Un fait me paraît acquis : si l’élimination du concept d’objet sonore est fondée en théorie, il n'est pas possible de l’évacuer dans la pratique : l’accès public au son exige sa délimitation et son objectivation – qui est une objectalisation.

En toute première intention, j'avais envisagé la recherche des apports des différents modèles sémiotiques à la conception de descripteurs. Cela a donné le titre, maintenant trompeur, de cette communication. En fin de compte, de mon point de vue, qui est certainement provisoire et résulte à coup sûr d’une réflexion insuffisante pour aller plus loin et répondre à la question posée par le titre, il apparaît que les différents modèles sémiotiques peuvent au moins contribuer à donner la position précise du problème.

Il faudra affiner l’analyse. La sémiotique de Peirce, qui propose une typologie très complexe mais très fine du signe, devra être appliquée à des cas sonores précis. C’est une autre étude. Est-elle pertinente pour permettre d’inventer de nouveaux mots-clefs sémantiques, qui prolongent la typologie de Schaeffer, celle d’Augoyard/Torgue, qui présentent d’autres voies d’accès complémentaires à celles de la psycho-acoustique ? C’est ce qu’il faudra prouver.

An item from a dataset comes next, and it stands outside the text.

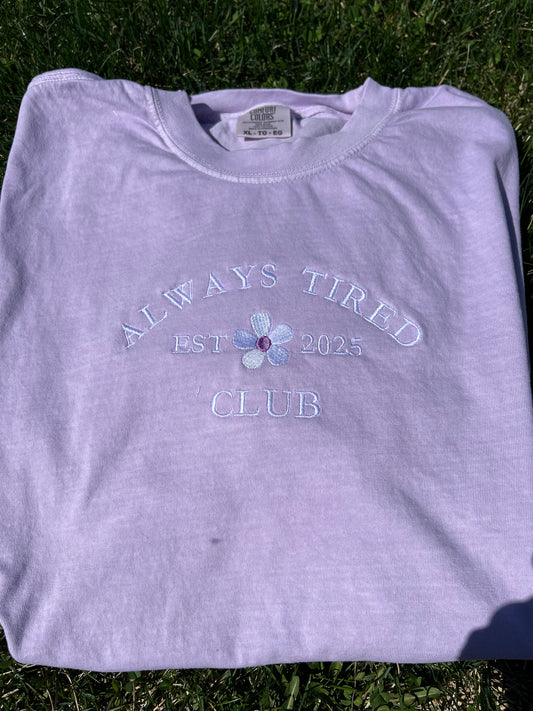 Always Tired Embroidered t-shirt Comfort Colors

Peut-être faudra-t-il la compléter par d’autres heuristiques. Je pense en particulier à l’archétypologie de l’imaginaire, à laquelle j’ai fait allusion, qui manipule les concepts de schèmes, d’archétypes et des symboles, mais aussi d’images matérielles, concept bachelardien dont il faudrait voir s’il est applicable à la matière sonore. Ainsi un bruit de décollage d’avion relèvera du régime héroïque/diurne de l’imaginaire. Il signifiera « envol » (niveau symbolique), « ascension » (schème), et selon ce modèle anthropologique de l’imaginaire, « transcendance » (archétype). Autant d’entrées possibles.